(Data extracted from a collection)
________________________________________
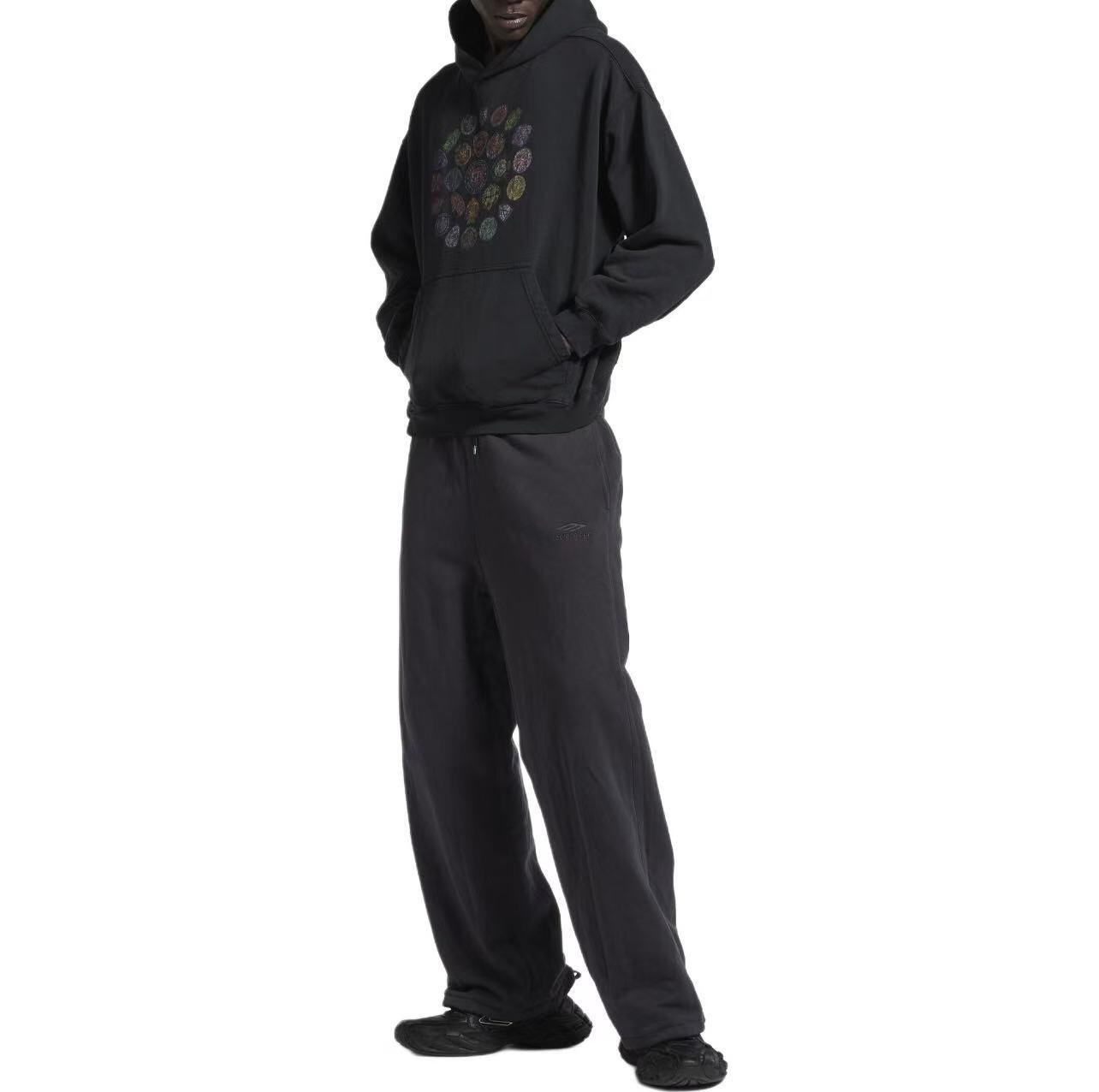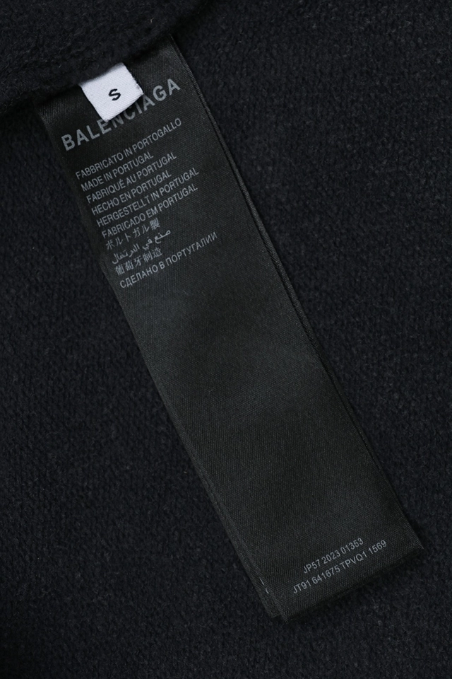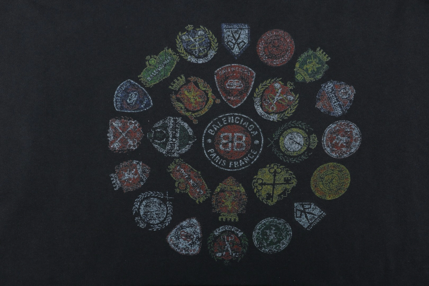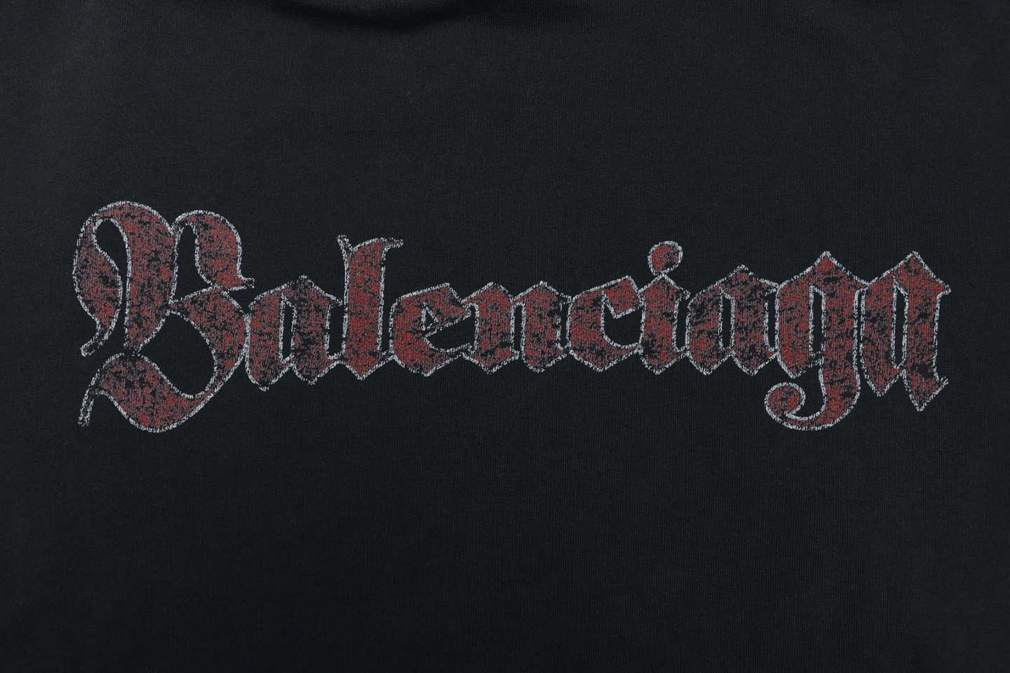 The front features a circle of multi-badge collegiate-style graphics, printed with high-definition, raised detailing for a premium tactile finish. Across the back, the bold Gothic “Balenciaga” logo adds strong visual impact. Designed with an oversized dropped-shoulder silhouette and a clean hood without drawstrings, the hoodie drapes effortlessly while enhancing shoulder shape.
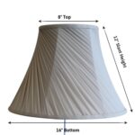 - EGG SHELL SILK FABRIC: Shade silk fabric egg shell is a favorite of designers for its depth and character and its ability to blend with most decor styles. Shade measures 8″ top x 16″ bottom x 12″ slant height
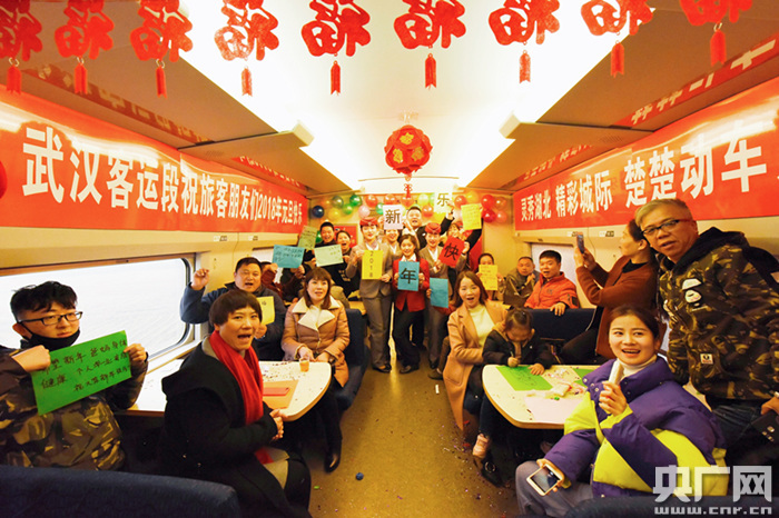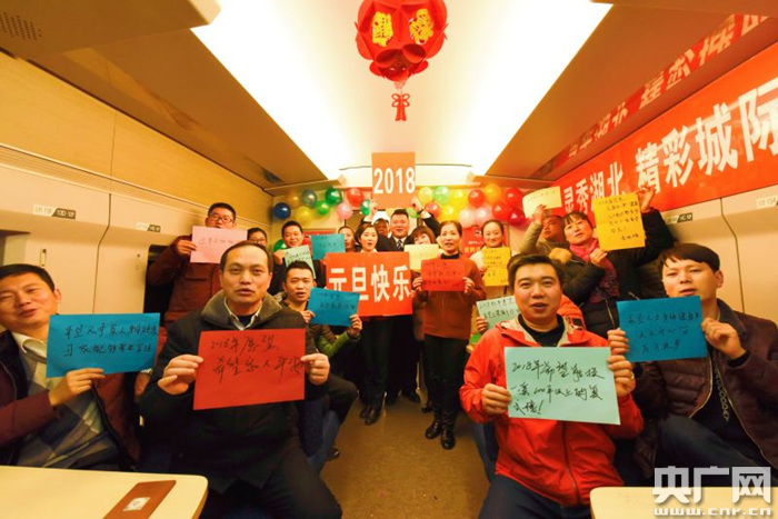 武漢客運段城際動車組車間黨總支書記章瓊表示,武漢客運段一直致力于打造精品文化列車,2018年元旦來臨之際舉辦這個活動是為了讓旅客展望新年,感受祝福,讓旅途更加溫馨溫暖,如同高速發(fā)展的中國鐵路一般,駛向美好的未來。
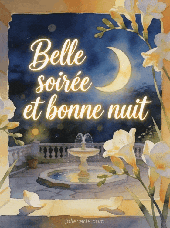 Une bon soirée carte de bonne nuit accompagne la fin de journée avec un message simple et réconfortant. Elle peut suivre une carte animée pour dire bonne nuit, rester proche d'un souhait de nuit tout simple ou devenir un mot tendre pour elle avant le sommeil.
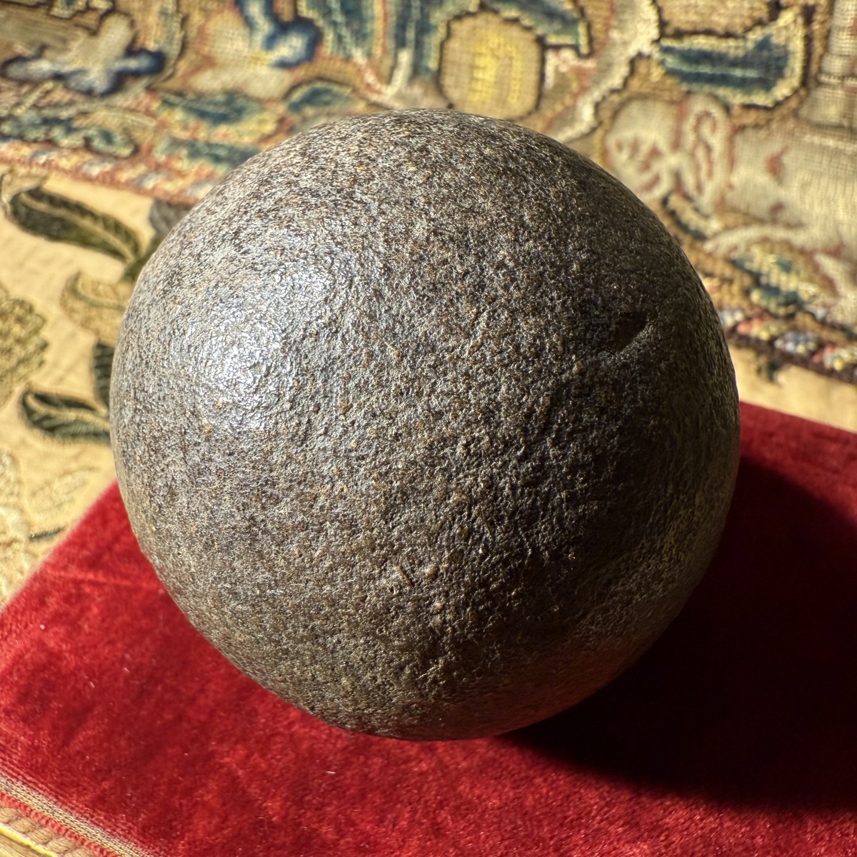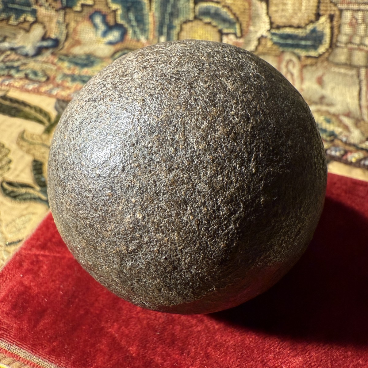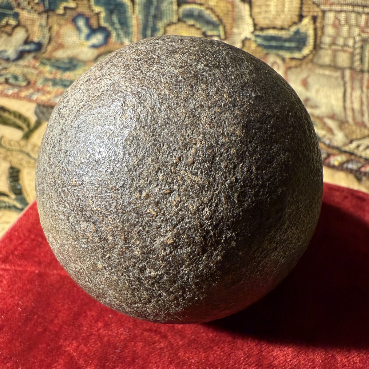 A substantial bezoar stone of rounded form, its surface displaying the characteristic granular, mottled texture produced by successive accretions within the stomach of a ruminant animal, most commonly a goat or camel. The sphere has a dense, dark, mineralised exterior, with subtle natural variations in tone and lustre that reflect its organic formation. It is presented on a turned ebonised wooden stand, shaped with a stepped foot to offer stable and elegant support.
________________________________________
◆ TASK INSTRUCTIONS ◆
With the pictures left out, please output each line from the one containing "Une bon soirée" through the end of the entries, exactly as it is.

◆ REPLY ◆
 Une bon soirée carte de bonne nuit accompagne la fin de journée avec un message simple et réconfortant. Elle peut suivre une carte animée pour dire bonne nuit, rester proche d'un souhait de nuit tout simple ou devenir un mot tendre pour elle avant le sommeil.
 A substantial bezoar stone of rounded form, its surface displaying the characteristic granular, mottled texture produced by successive accretions within the stomach of a ruminant animal, most commonly a goat or camel. The sphere has a dense, dark, mineralised exterior, with subtle natural variations in tone and lustre that reflect its organic formation. It is presented on a turned ebonised wooden stand, shaped with a stepped foot to offer stable and elegant support.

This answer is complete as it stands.